Blockade Of The Thromboxane/Prostanoid Receptor Prevents Ecg Abnormalities In Rv Pressure Overload

The increased afterload of pulmonary arterial hypertension (PAH) impairs right ventricular function and ultimately leads to failure, as the RV struggles to adapt to increased pressure with remodeling and fibrosis. During PAH, cardiomyocytes upregulate cell-surface expression of the G protein-coupled thromboxane/prostanoid receptor (TPr). Increased myofibroblast and immune cell populations may also contribute to the enhanced TPr expression seen in the PAH RV. Activation of the cardiomyocyte TPr increases intracellular calcium via G αq /IP 3 ; activation of the receptor in other cells leads to fibrosis and vasoconstriction. Preventing signaling through the TPr prevents RV fibrosis in murine models of PAH without affecting arterial pressure. Because infusion of TPr agonist can cause arrhythmia in anesthetized rabbits, and we have previously found that RV pressure overload causes sustained increases in end-diastolic calcium in RV cardiomyocytes that is blocked with TPr antagonist, we hypothesized that endogenous TPr activation can lead to conduction abnormalities in RV pressure overload. Here, we used pulmonary arterial banding (PAB) of female mice to induce fixed pressure overload of the RV. Sham-operated or PAB mice were treated with normal drinking water or water containing 25 mg/kg/day of the TPr antagonist ifetroban and were evaluated at 4 weeks past PAB. RV ejection fraction was similarly depressed in vehicle- and antagonist-treated mice, although spontaneous running, RV fibrosis, and RV relaxation time were improved in PAB mice given ifetroban.
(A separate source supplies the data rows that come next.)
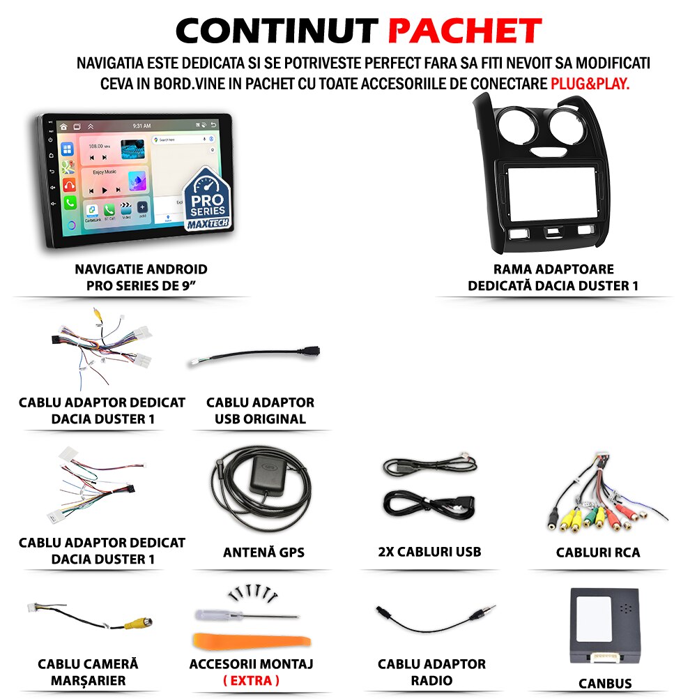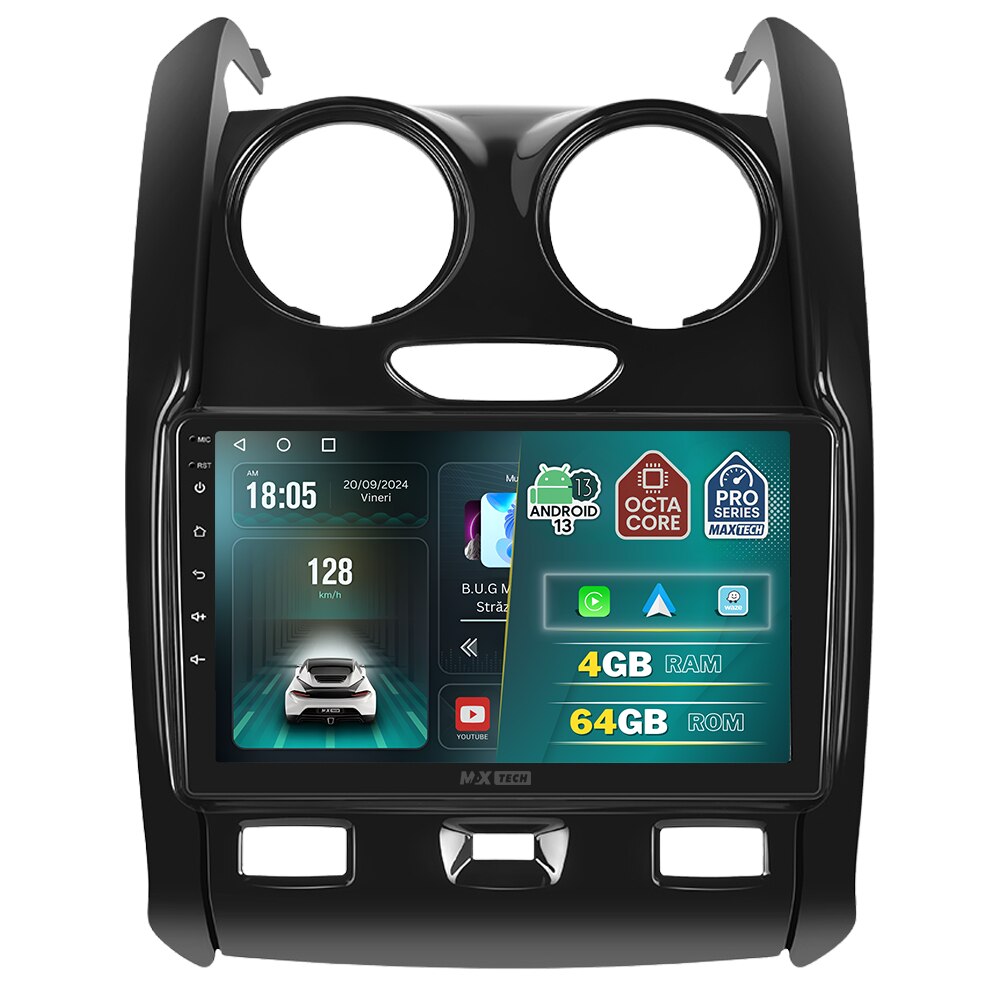 Navigatie Dacia Duster 1 2013-2017 dedicata, MaxTech® PRO SERIES, 4 GB Ram 64 GB Rom OctaCore, Carplay & Android auto, Ecran 9 ” HD Touch, GPS, Wifi, Bluetooth, Radio, USB, EQ, DSP, Waze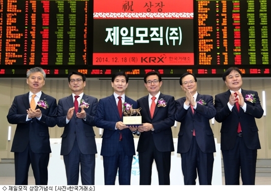 이날 상장된 제일모직은 공모가인 5만3천원의 두배인 10만6천원에 시초가가 형성된 뒤, 장중 치열한 공방 끝에 상승 마감하는 데 성공했다. 공모가 대비로는 113.20% 급등한 것이다.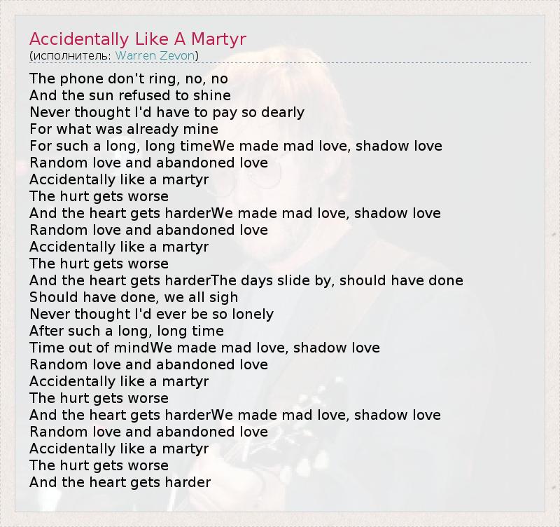 ГлавнаяИсполнителиWarren ZevonAccidentally Like A Martyr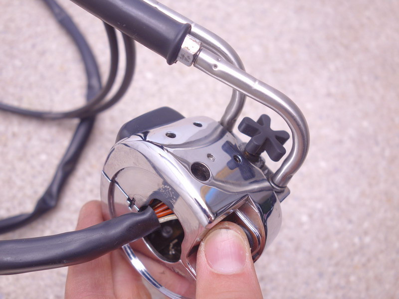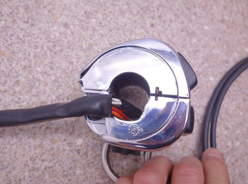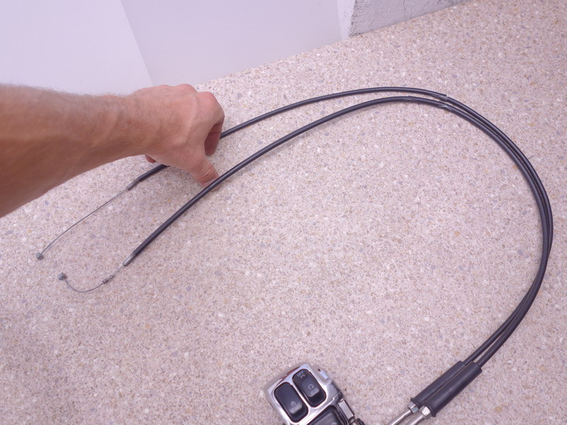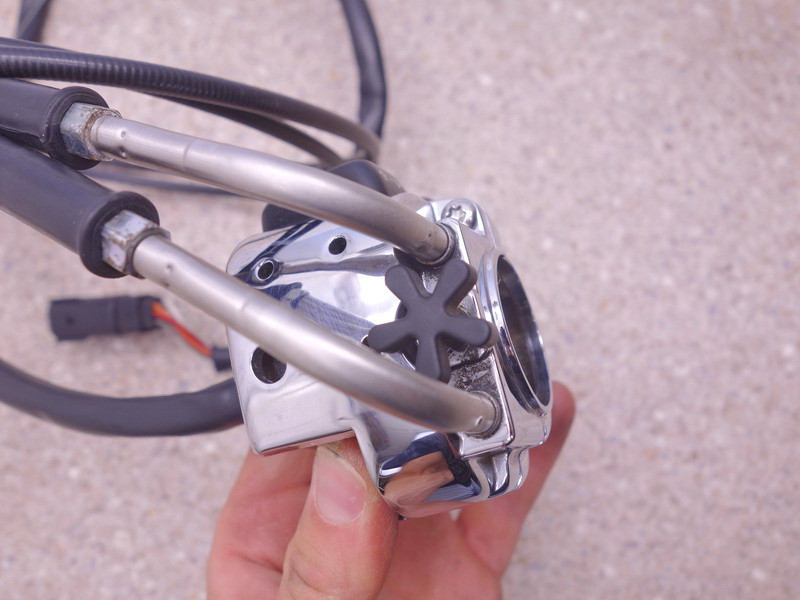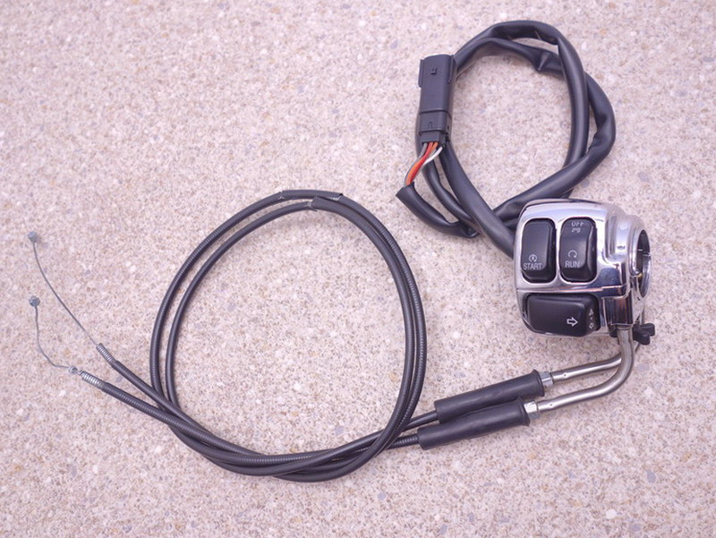 Rechter Lenkerschalter (Kombischalter, Schalt-Armatur, Schalter-Einheit rechts) inkl. Gasdrehgriff-Fixierung, Anschlußkabel und Paar Gasseile (Gaszug).
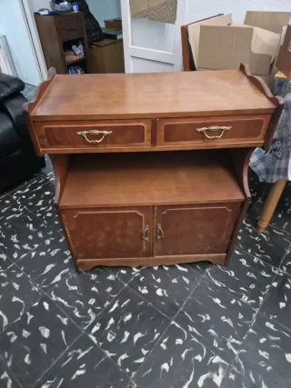 Madera maciza. Le faltan algunos retoques de pintura, la base del cajón habría que cambiarla y en uno de los laterales hay un pequeño golpe. precio no negociable.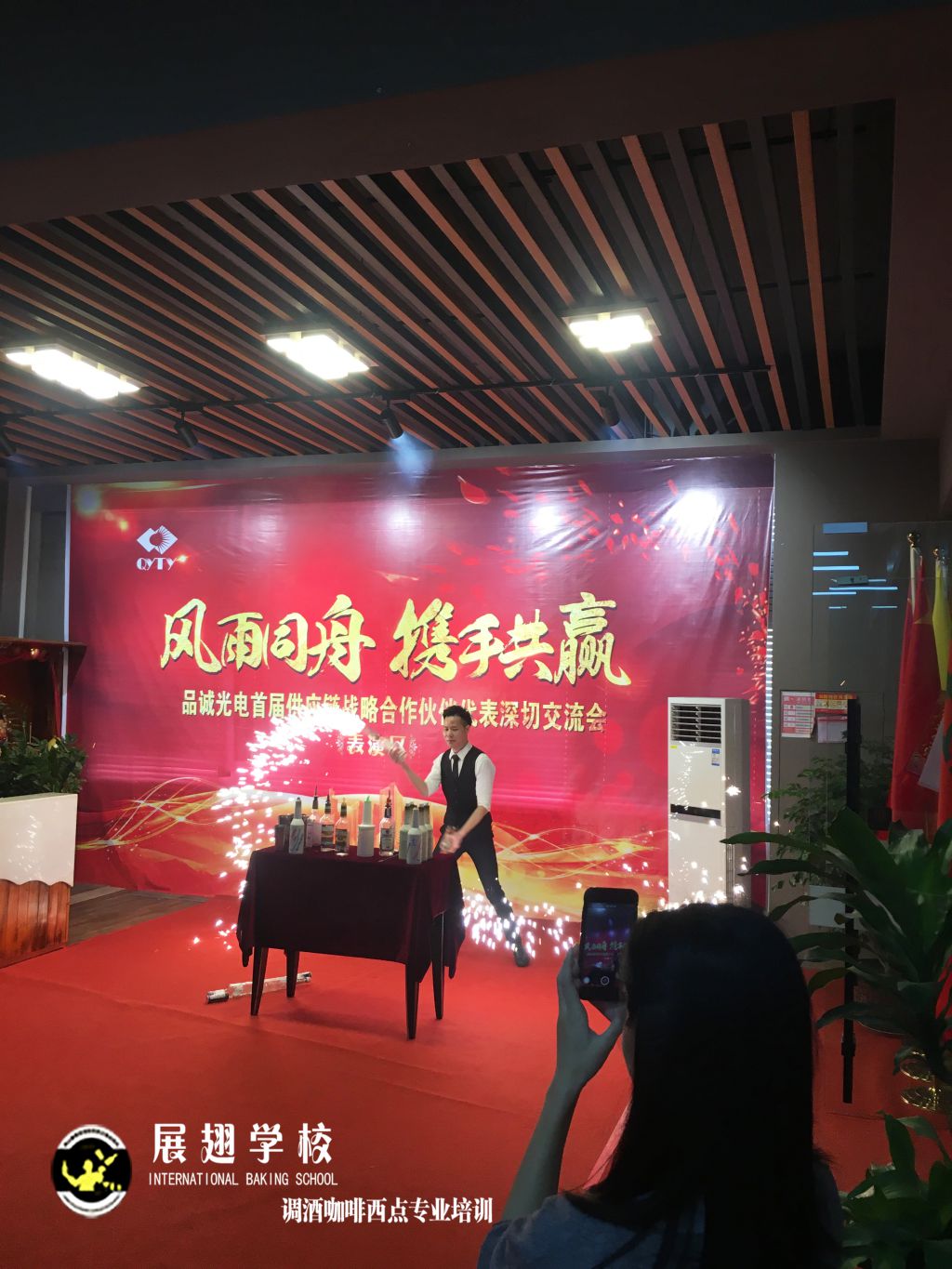 <佛山展翅調(diào)酒咖啡西點(diǎn)培訓(xùn)學(xué)校>調(diào)酒師朱歡洪&謝克朗受邀出席中山品誠光電交談會,并擔(dān)任活動現(xiàn)場花式調(diào)酒演出嘉賓。如果你想成為一名優(yōu)秀的花式調(diào)酒師,要不斷的實(shí)踐、學(xué)習(xí)、讓自己擁有更豐富的技能知識http://m.xunxwg.cn

ECG abnormalities in PAB mice confirmed a prolonged relaxation and suggested delays in repolarization. These were abolished with TPr antagonism. PAB altered RV expression and localization of connexin-43 (Cx43) in vehicle-treated, but not ifetroban-treated mice. Cx43 derangement is associated with impaired cell-to-cell electrical conduction and impulse propagation. Compiled, our findings suggest that endogenous TPr activation produces alterations in RV calcium handling, signaling, and cell-cell junctions that contribute to early failure in pressure overload. Therapeutic TPr antagonism may prevent this deleterious remodeling and prolong survival in patients with PAH.